Count of Auvergne and Boulogne
- Reign: 1277–1317
- Predecessor: William XI of Auvergne
- Successor: Robert VII of Auvergne
- Born: c. 1250
- Died: 1317
- Buried: Church of Bouschet-Vauluisant, Yronde-et-Buron
- Noble family: House of Auvergne
- Spouse: Beatrice of Montgascon
- Issue: Robert
- Father: Robert V of Auvergne
- Mother: Éléonore of Baffie

= Robert VI of Auvergne =

Robert VI of Auvergne (c. 1250 – 1317) was count of Auvergne and Boulogne from 1277 until his death.

== Life ==
Robert was the second-born son of the count of Auverge and Boulogne Robert V and Eleonore of Baffie.

According to his father's will, Robert was to inherit the area of Combraille, while his older brother William XI of Auvergne would inherit the counties of Auvergne and Boulogne. However, William would die less than a year after his father's death, without leaving any heirs. So the countly titles passed to Robert.

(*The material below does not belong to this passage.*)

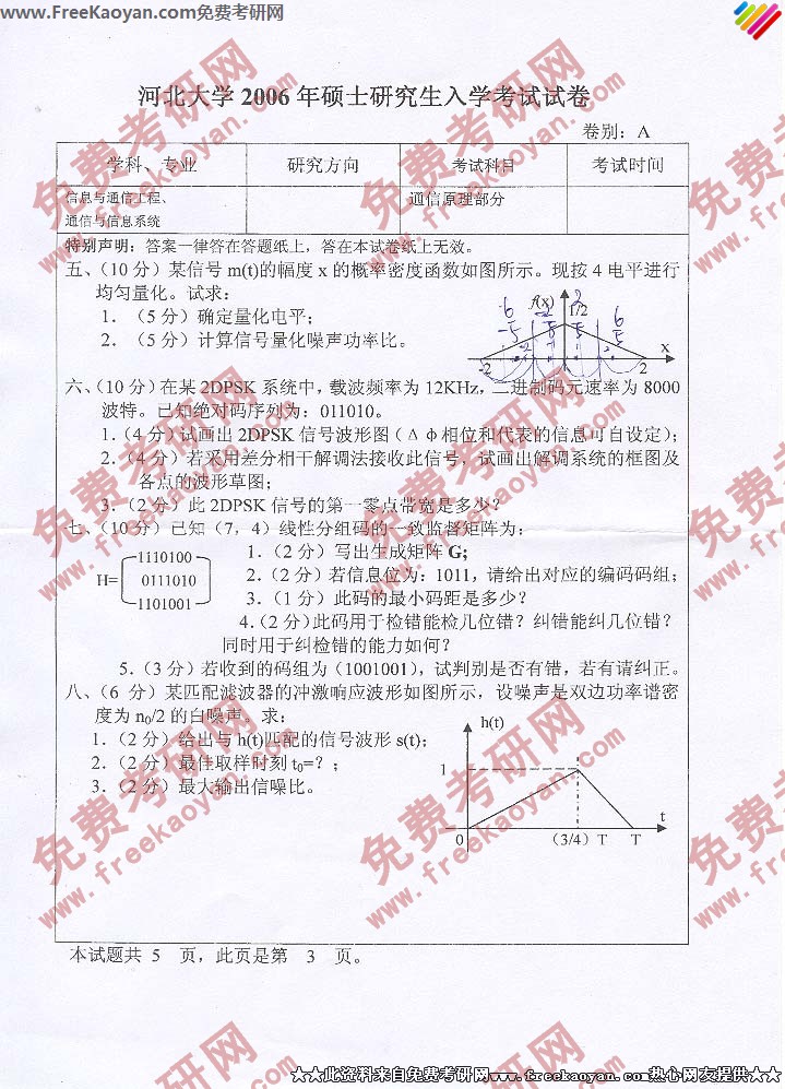 河北大学2006年考研真题-信号与系统通信原理(3)
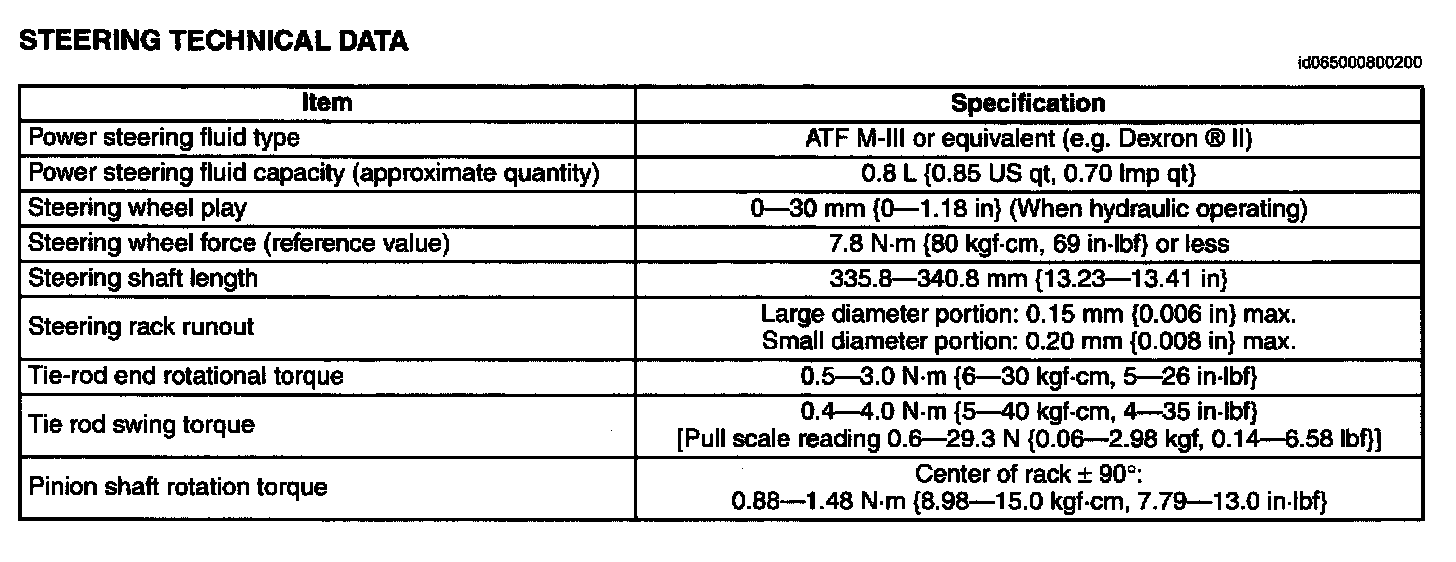 Steering Technical Data:

In 1299, Robert and his wife, Beatrice, renounced their claims on the lordship of Beaujeu, Rhône, in exchange for a sum of money, to be paid before five years.

In 1297, Robert fought alongside the king of france, Philip IV, in the Franco-Flemish War. He participated in the battle inside of the walls of Courtrai on the 11th of July 1302. According to Étienne Baluze, Robert fled the battle together with other nobles, but other chroniclers disagree. Robert also took part in the following Battle of Mons-en-Pévèle, in 1304.

In 1308, Robert escorted Louis X of France on a mission in Pamplona, at that time part of the kingdom of Navarre.

In 1314, Robert became part of the regency council for Philip V, after the death of his brother, Louis X.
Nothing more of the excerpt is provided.